Лицо горело, в висках болезненно пульсировало. Да уж!.. Такого со мной еще не бывало! Никогда-никогдашеньки. И поди ж ты, – случилось! То есть, может, и черт с ним, но мучила какая-то мальчишеская досада. Крякай, не крякай, а у клыкастого могучего Ящера увели бабу! Из под самого носа! И кто увел-то! Кто?!

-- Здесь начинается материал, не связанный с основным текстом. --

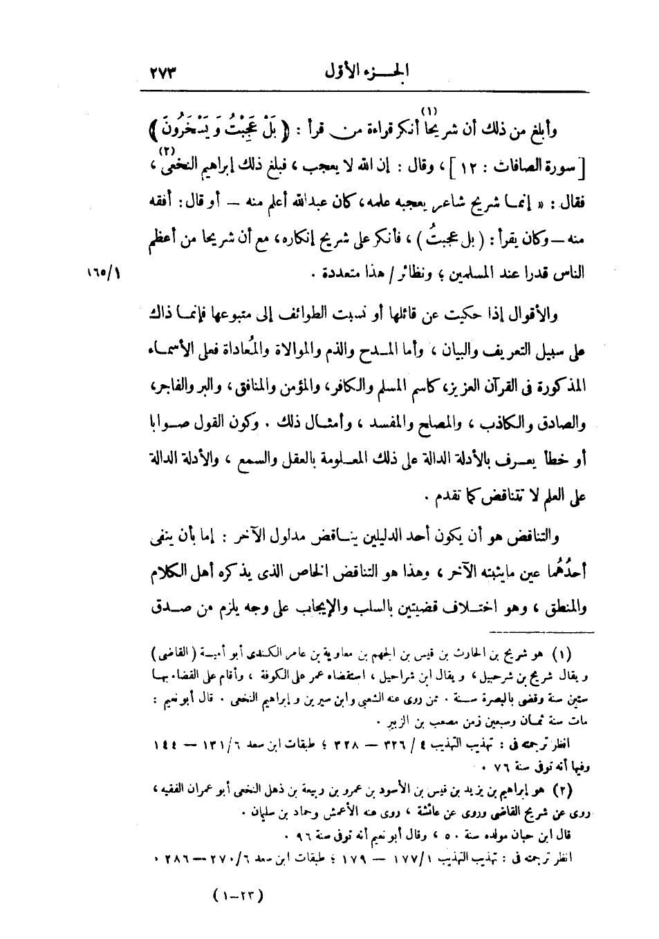 وأبلغ من ذلك أن شريحاً أنكر قراءة من قرأ {بل عجبت ويسخرون} [الصافات: 12] وقال: إن الله لا يعجب، فبلغ ذلك إبراهيم النخعي، فقال: إنما شريح شاعر يعجبه علمه، كان عبد الله أعلم منه أو قال: أفقه منه ـ وكان يقرأ) بل عجبت) فأنكر على شريح إنكاره، مع أن شريحاً من أعظم الناس قدراً عند المسلمين، ونظائر هذا متعددة.
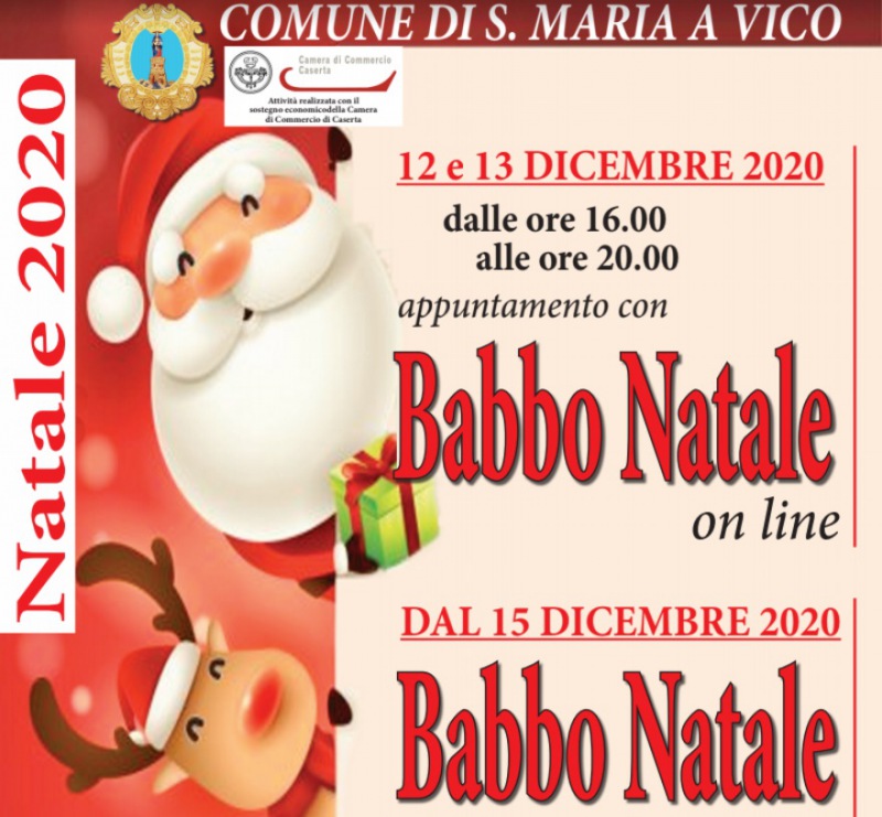 (www.comune.santa-maria-a-vico.ce.it/2020/12/una-videochiamata-da-babbo-natale). Nei giorni a seguire Babbo Natale farà visita a tutti i bimbi portando loro una dolce sopresa. Ma non finisce qui - si legge nella nota -. L’amministrazione comunale, infatti, programmato un’ulteriore iniziativa per la festa della Befana e destinata soprattutto alle famiglie in difficoltà: il giocattolo sospeso. Nei prossimi giorni chiunque lo vorrà potrà recarsi presso una delle attività commerciali che saranno indicate a breve sul sito del Comune ed acquistare doni che saranno poi consegnati da un gruppo di volontari. “Un modo – ha rimarcato l’assessore Cioffi – per far sentire la nostra vicinanza a tutta la comunità ed in special modo alle persone più deboli perché nessuno sia lasciato solo in questi giorni di festa. Non lasciamo - si legge nella nota - che questo virus ci porti via anche la magia del Natale”."

Впрочем… Окажись это какой-нибудь самодовольный торгаш с цепурой на шее, я бы скорее всего отсюда не ушел. Поговорил бы с хозяином жизни по душам, объяснил бы кто есть кто, вежливенько выпроводил вон. Но худосочный физик Ваня из нищающего НИИ – являл собой иной коленкор. Их у нас и без того били да выметали – в войны, в чистки, в революции. Числятся ныне российские вани в Красной Распухшей до непомерной толщины Книжице. А коли так, то и нечего плакаться. Было да сплыло. Забыл и простил. За одного Витька – одного Ивана. Арифметика вполне конкретная.

* * *

Все к худшему в этом худшем из миров, и эту ночь мне пришлось провести в офисе, поскольку к Елене ехать не хотелось. Я был отчего-то уверен, что, увидев ее глаза, сломаюсь и передумаю. По той же самой причине я отключил факс и все телефоны. Хотелось напиться и с автоматом двинуть в рейд по городским улицам. Все равно, как те боевички с лентами на лбу, что ринулись в столицу повоевать. Ох, как понимал я этих волков! В конец осатаневших зверюг, у которых с вертолетов постреляли все их выводки. Верно говорят, и крыса, зажатая в угол, готова метнуться к горлу. Вот они и метнулись. Меня никто никуда не зажимал, просто так уж сподобило, – родился там, где не положено, выбрался на свет Божий под красный запрещающий свет. Не я эти сроки и эту географию подгадывал, а соизволения у меня никто не спрашивал. Сунули головой в ведро с водой и приказали дышать. И задышал ведь! Как все остальные. Только никто не запретил мне при этом ненавидеть. Чиновников за продажность, нынешних нуворишей за шакальи ухватки, сионистов за сионизм, а антисемитов за антисемитизм. Всем нужны были стрелочники, а я не хотел быть, как все. Лучше уж быть белой вороной, – каким-нибудь Майком Бониславским боксером-камикадзе, челюстью прущим на кулаки. Или батькой Махно, который перевоевал со всеми без исключения режимами, справедливо почитая современников за отпетых сволочей. И с Семеном Петлюрой сабельки скрестить успел, и от дружбы с Львом Каменевым уклонился. С азартом колотил австрийцев, а после, пластаясь с Деникиным и Шкуро, посылал куда подале жаднючих комиссаров. Вороватого атамана Григорьева за еврейские погромы шлепнул без малейшего колебания, под красными знаменами штурмовал в лоб Турецкий вал, но и с большевичками немедленно рассорился, стоило тем посягнуть на святое – на самостийность с земелькой.